What gets reinvented at the transport boundary

Even teams who adopt ACP early build a parallel HTTP path for their web clients, because the spec stops at stdio.

Opencode is a worked example. They added ACP support first, then built a separate HTTP API for their webapp. Both share a session core, but the wire contract diverges at the boundary — and that’s where the cost shows up.

Take the permission flow as one example. ACP’s session/request_permission is RPC: one client, message-correlated, blocking round-trip.

Opencode’s HTTP equivalent broadcasts a permission.asked event on an SSE stream and exposes a separate POST /permission/:id/reply for the response.

With two browser tabs open, both see the request. The first POST wins; the second 404s. There’s no session affinity in the protocol — only a map keyed on a request id.

ACP permission flow as a clean RPC: agent calls session/request_permission, client blocks, client returns the response.

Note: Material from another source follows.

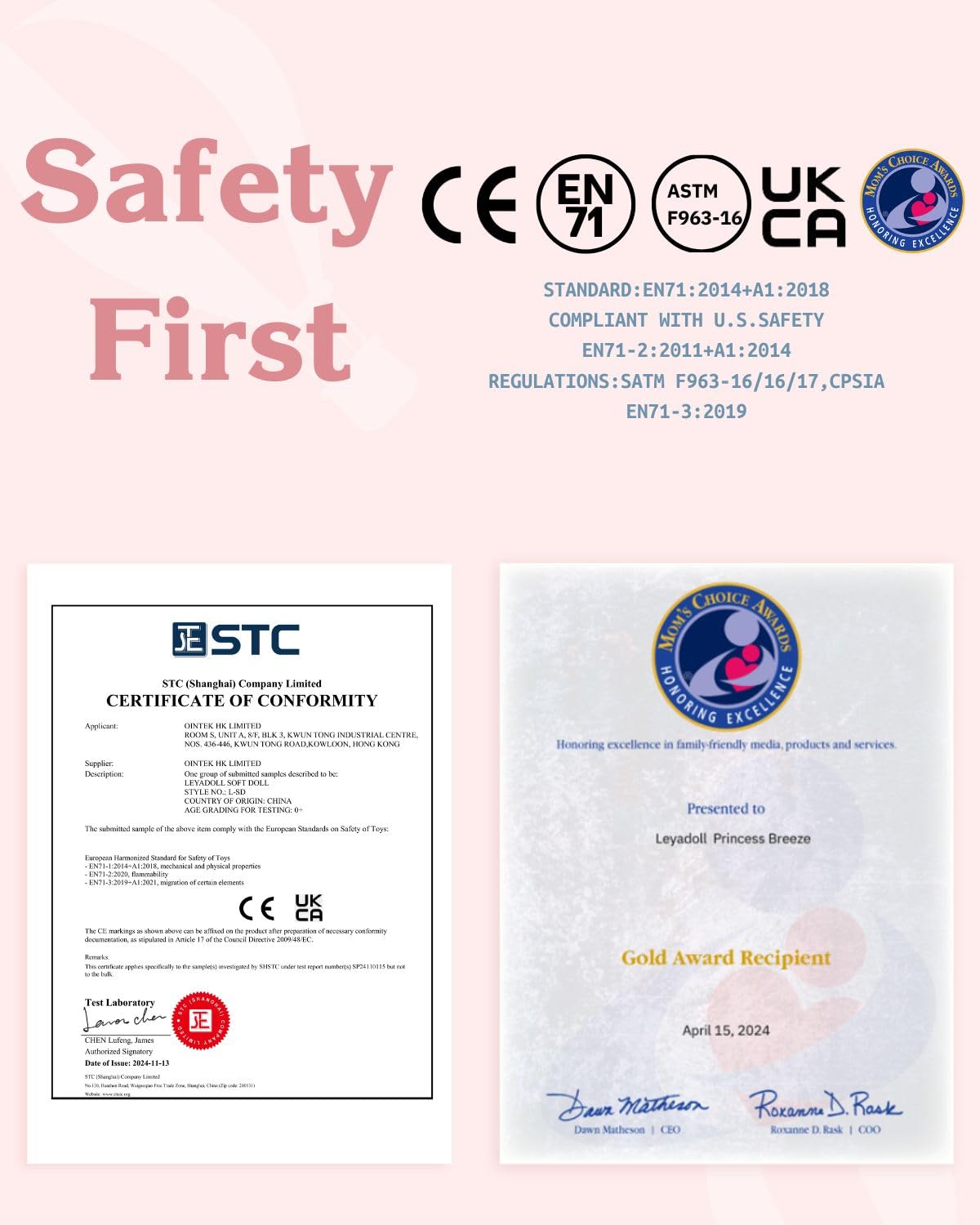 - šćCertified for Safetyć: We understand the paramount importance of safety when it comes to toys for young children. Rest assured, our baby dolls hold certifications from CPSIA and CCPS, constructed with premium materials that are free from harmful chemicals. They undergo rigorous safety testing to meet the highest standards. You can be confident that your child is playing with a secure and trusted companion.

Opencode HTTP permission flow: agent emits permission.asked to the server, the server fans the event out over SSE to both tabs, both tabs POST a reply, the first call resolves the permission, the second receives 404.

Same protocol-level need; two very different shapes.

This isn’t a knock on Opencode’s engineering. They obviously know ACP cold; they shipped it before the HTTP API existed. The cost is structural, and it shows up at the transport boundary every time.

What ACP defines as RPC, the web reinvents as broadcast-and-race.

Closing the gap

If you’re building agent products that go beyond chat — long-running, tool-using, permission-gated, resumable — ACP gets you most of the way, even outside an editor. The primitives do the work; the transport gap is what’s left.

A WebSocket transport for ACP would need to specify, in the abstract: a connect-time handshake binding the connection to a session id, each session/update framed as one WS message.

session/request_permission preserved as a paired request/response, not flattened to broadcast events. Resumption via session/load on reconnect, through the same update channel.

None of it is hard to design. None of it is in the spec.

Until that’s published, every team building beyond stdio finds their own version. And the version they find is looser than the one ACP already defines.